As the digital landscape burgeons, so does the integration of LLMs across diverse applications. Yet, beneath the veneer of innovation, security frailties endure, necessitating the quest for robust solutions. Our foray into Red Teaming offers a proactive trajectory, ensuring that we remain a step ahead in the digital security paradigm.
The Evolution of Language Models: From Static to Dynamic
The evolution of language models (LMs) traces a captivating trajectory marked by substantial advancements over the years. This odyssey commences with the advent of static language models in the 1990s. These models, epitomized by Statistical Language Models (SLMs), leverage statistical methodologies to construct word prediction models. Operating under the Markovian assumption, they forecast the subsequent word based on the preceding context. Notable examples within this category include N-gram language models, encompassing bigram and trigram models.

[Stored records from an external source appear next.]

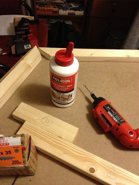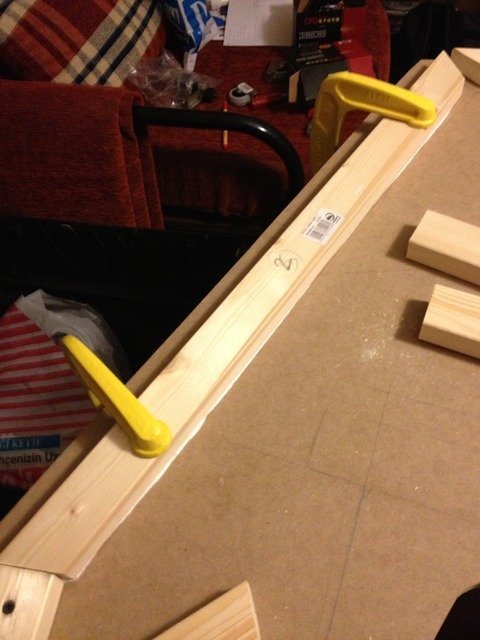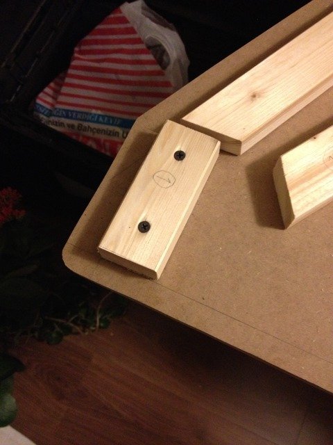 Bu şekilde devam ediyoruz. Tutkalla, mengene ile hafif sabitle, kılavuz delik aç, vidala...
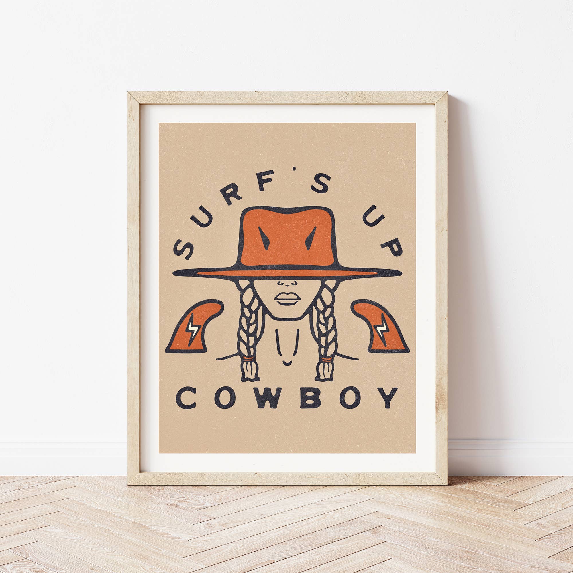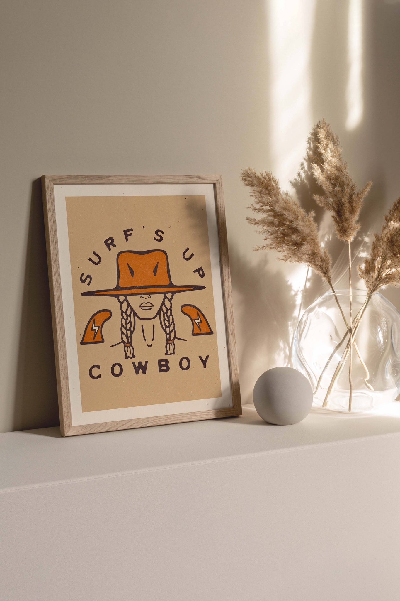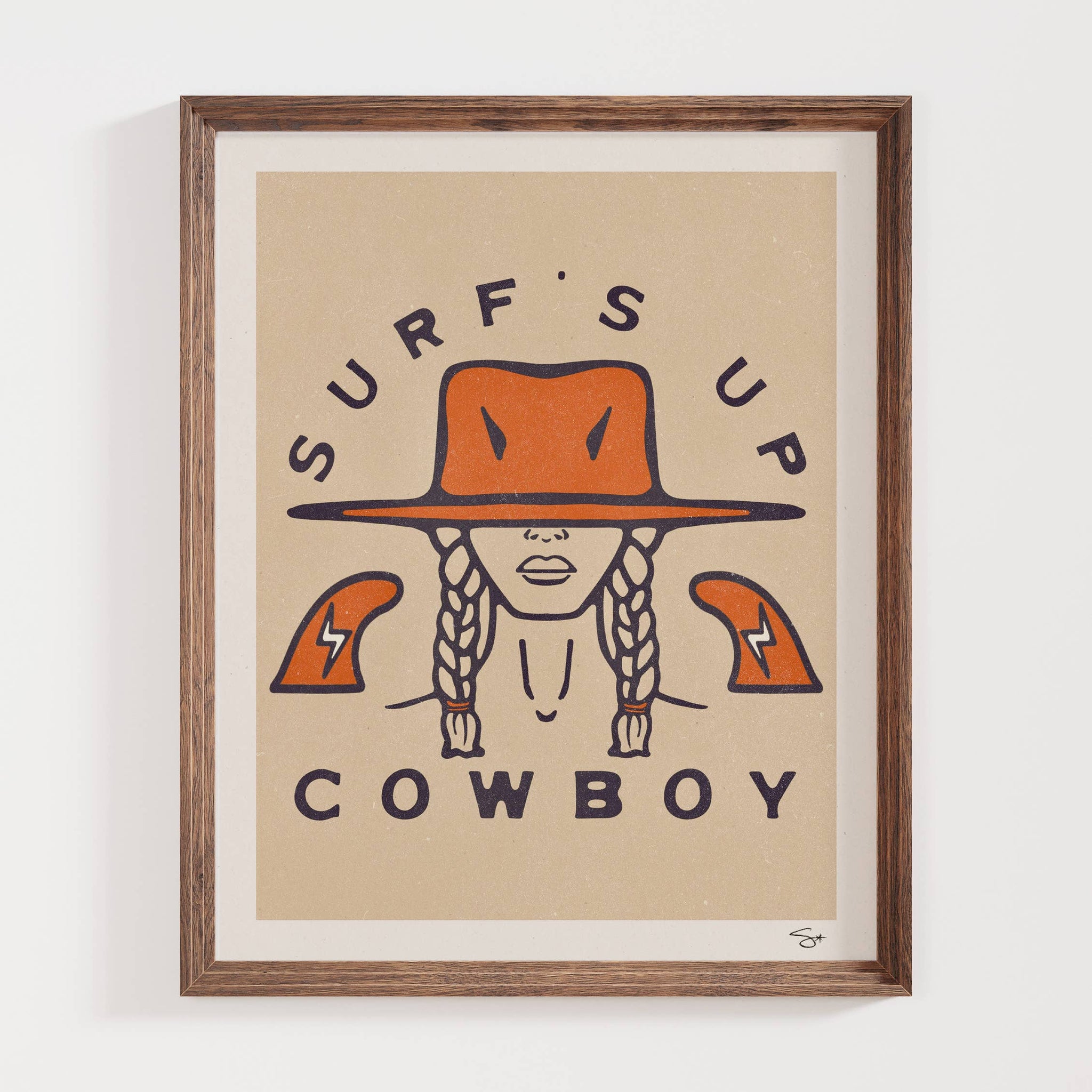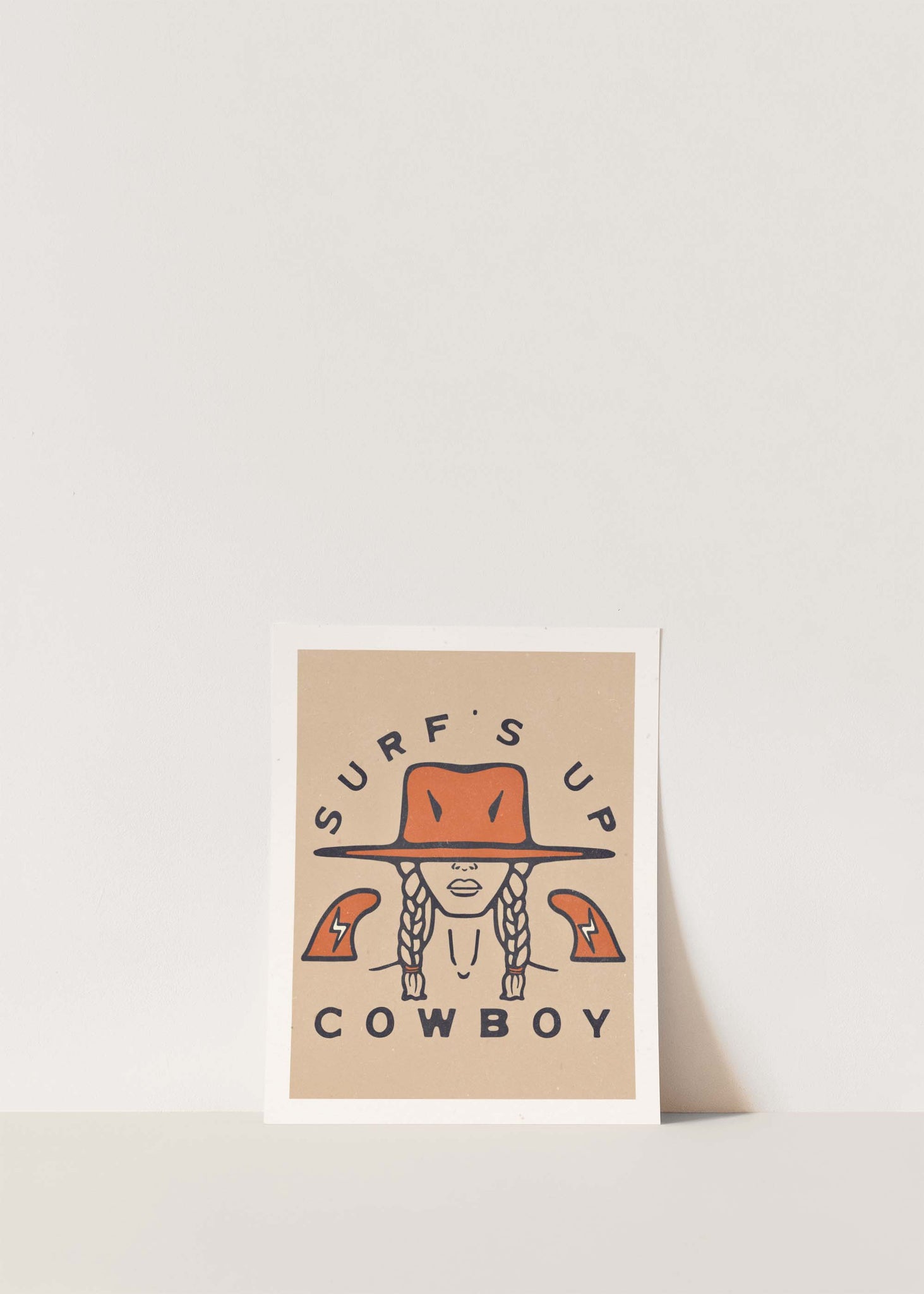 Coastal cowboy inspired art print for the surf enthusiast. High-quality print of original illustration on beautifully textured recycled paper. Unframed. The perfect trending addition to any coastal, bohemian, or vintage artistic aesthetic.
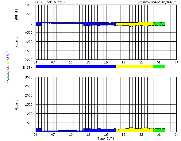 下段のAEグラフの値が高くなると、オーロラ活動が活発化しています。
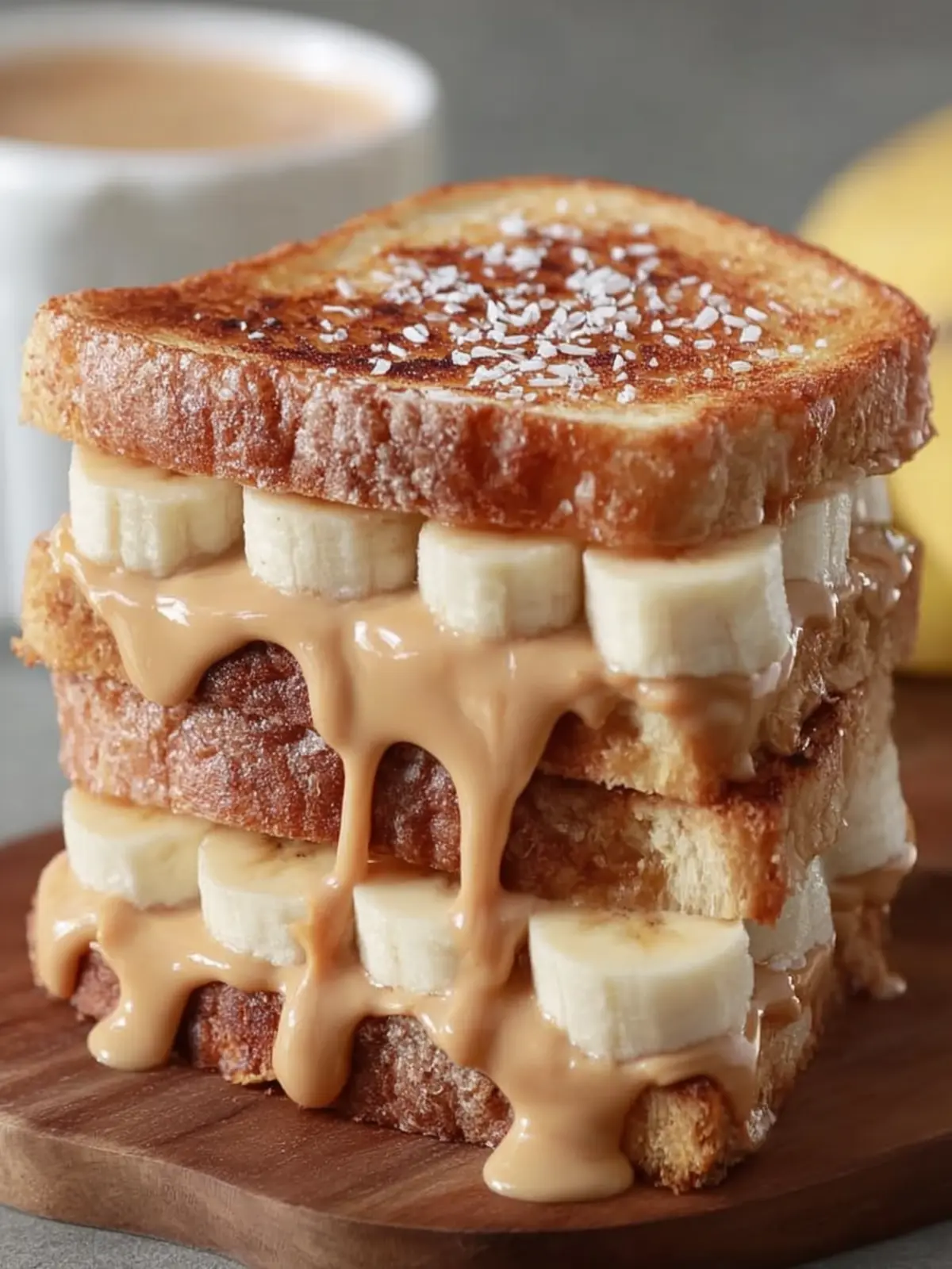 A delicious and easy sandwich that combines peanut butter and banana, grilled to perfection.

Fifteen years later, Neural Language Models (NLMs) emerged, heralding a paradigm shift in the domain. NLMs harness neural networks, including Multilayer Perceptrons (MLPs) and Recurrent Neural Networks (RNNs), to estimate the probability of word sequences. Despite their groundbreaking nature, NLMs encounter several challenges:
Data Manipulation: Biases or errors within the training data can profoundly influence the model's outputs.

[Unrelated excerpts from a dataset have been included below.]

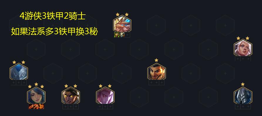 第一套铁(秘)4游侠阵容并不常见,仅在于龙族过渡时寒冰数量多,可以追三星时演变出的玩法。
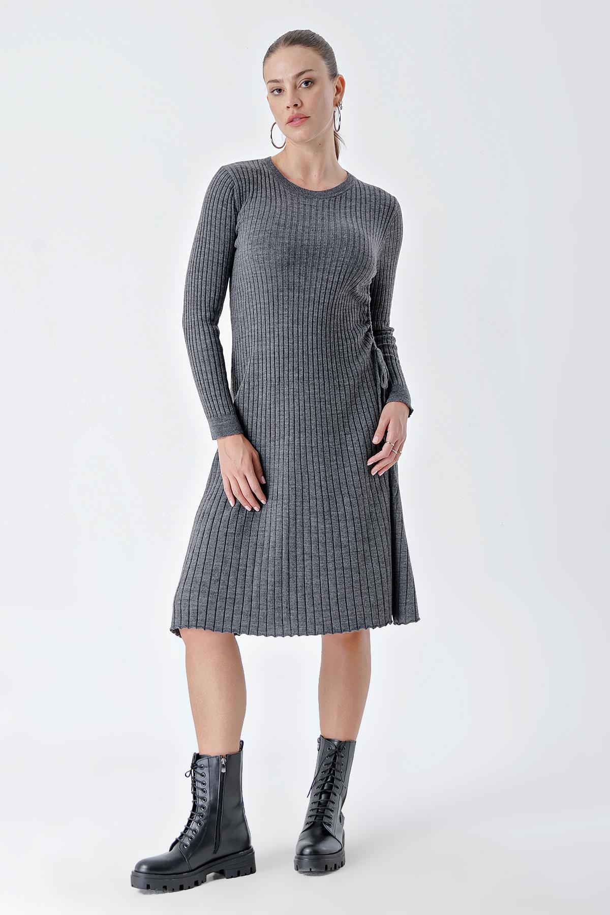 Polo Yakalı Yakası ve Kol Ucu Renk Çizgili Uzun Kollu İnce Fitil Yan Yırtmaçlı Diz Altı Triko Elbise Polo Yakalı Yakası ve Kol Ucu Renk Çizgili Uzun Kollu İnce Fitil Yan Yırtmaçlı Diz Altı Triko Elbise MKBL-2814 Standart
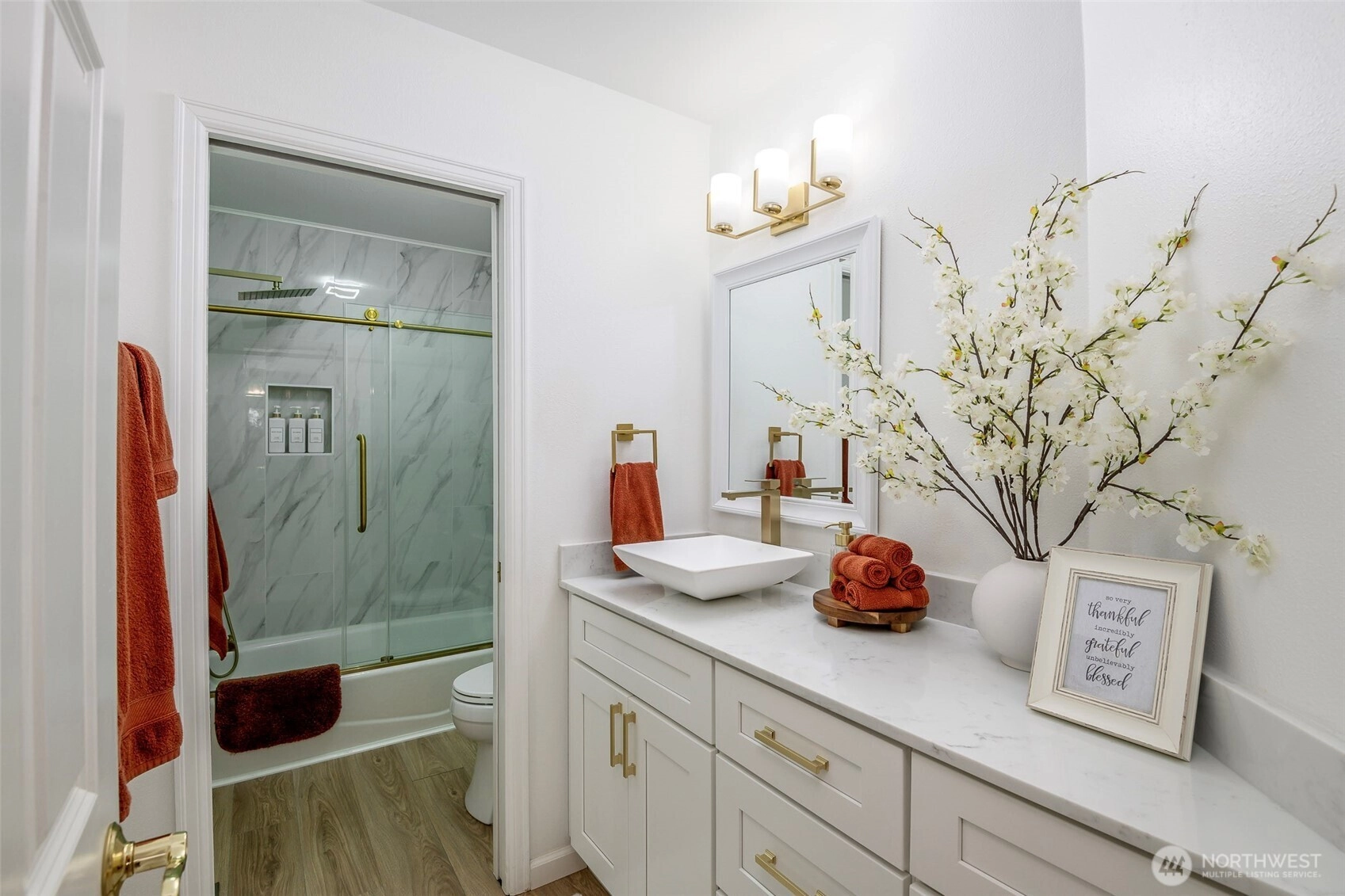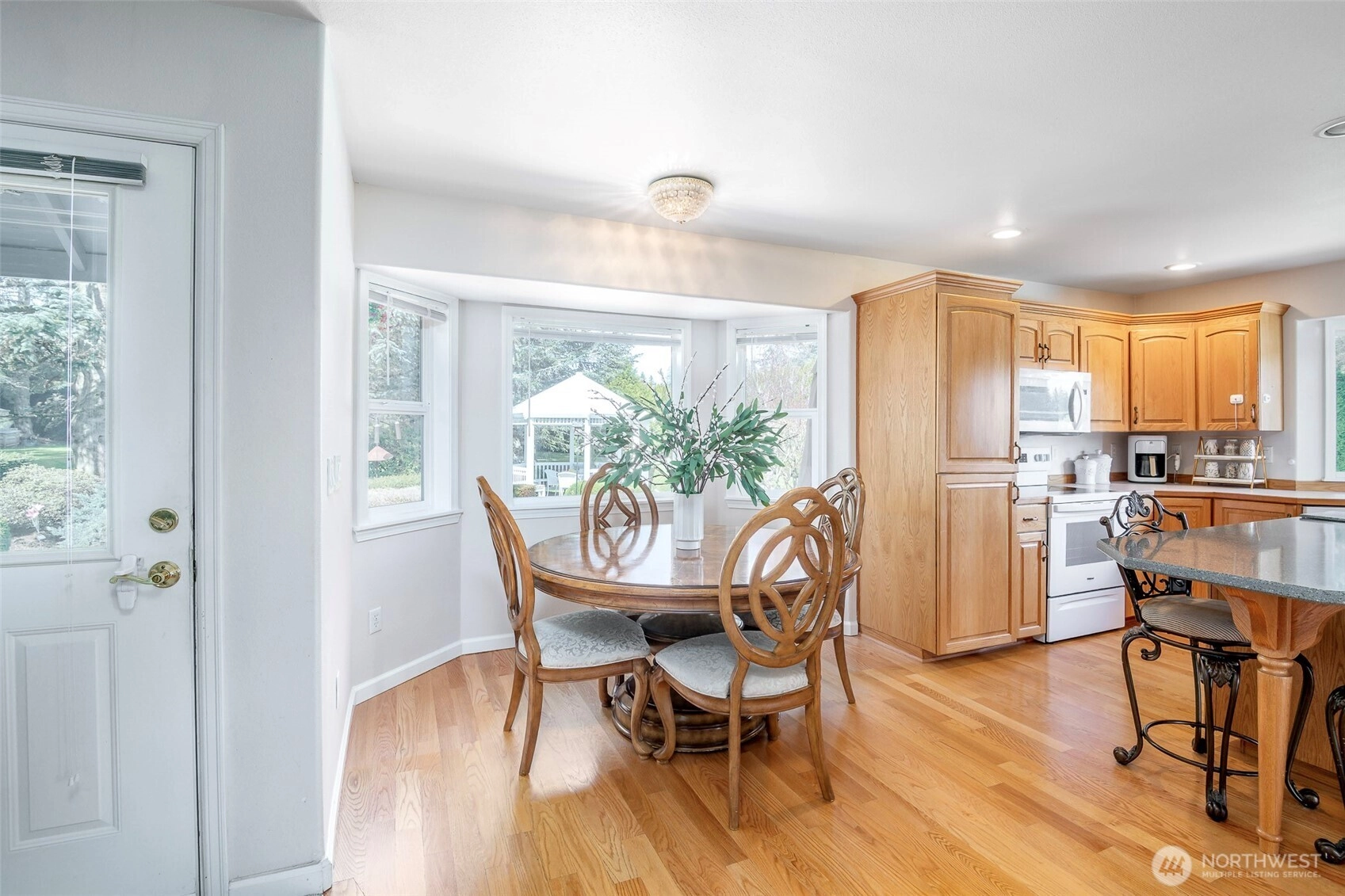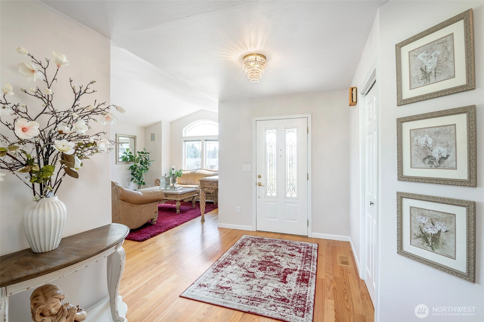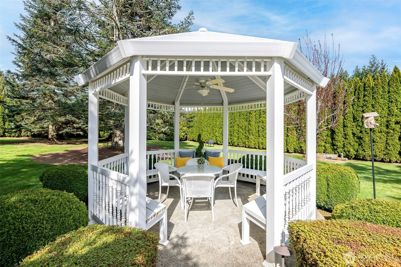 Experience the pinnacle of PNW living in this stunning Graham retreat set on 1.21 acres of beautifully landscaped grounds! This 3 bed, 2 bath home offers 2,145 sq ft of light-filled living, enhanced by rich hardwood floors and dazzling Swarovski crystal chandeliers throughout. Thoughtful updates provide peace of mind, including a new roof (50-year warranty), new furnace & A/C, fresh paint, and new carpet. The spacious primary suite is a true escape, featuring a luxurious 5-piece ensuite, walk-in closet, and private access to the expansive back deck—also accessible from the living room for seamless indoor-outdoor living. Step outside to your own park-like oasis with lush landscaping, gazebo, horseshoe area, jacuzzi tub, privacy trees, and RV parking with full hookups. Enjoy breathtaking Mt. Rainier views from the dining room deck, while oversized windows throughout showcase the beauty of the PNW. Wired generator and parking for 5+ vehicles complete this exceptional property.

Interference: These models are susceptible to attacks that introduce specific data sequences to manipulate their predictions.
Limited Understanding: Like SLMs, NLMs rely on statistical analysis and word frequencies, potentially leading to misinterpretations, particularly with ambiguous or rare words.
A comprehensive comprehension of these challenges is imperative for the continual enhancement of more resilient and precise language models.
Expensive training: Training NLMs can require significant computational resources, making them vulnerable to cyberattacks on infrastructure.
Data bias: Similar to SLMs, they can reproduce biases from training datasets.
Adaptation attacks: Attackers can use knowledge of model performance to create inputs that will cause the model to act unreliably or reveal sensitive information. The 2010s saw the emergence of pre-trained language models (PLMs) such as ELMo, which focus on capturing context-dependent word representations . BERT, based on the Transformer architecture, pre-trains bidirectional language models using specially designed tasks on large unlabeled corpora, providing efficient context-dependent word representations for a variety of natural language processing tasks .
Ethical Risks: Biases in the data may lead to discrimination against certain groups of people in text generation.
Liability issues: Determining responsibility for harmful inferences can be difficult if the models are biased.
The evolution of language models has reached new heights with the advent of Large Language Models (LLMs) like GPT-4 and PaLM. These models stand out for their training on vast text corpora, empowering them with remarkable capabilities such as Instructional Tuning (IT), In-Context Learning (ICL), and Coherent Train of Thought (CoT).
This advancement represents a significant "boom" in the field, laying the groundwork for the technological landscape and innovative strides we witness today.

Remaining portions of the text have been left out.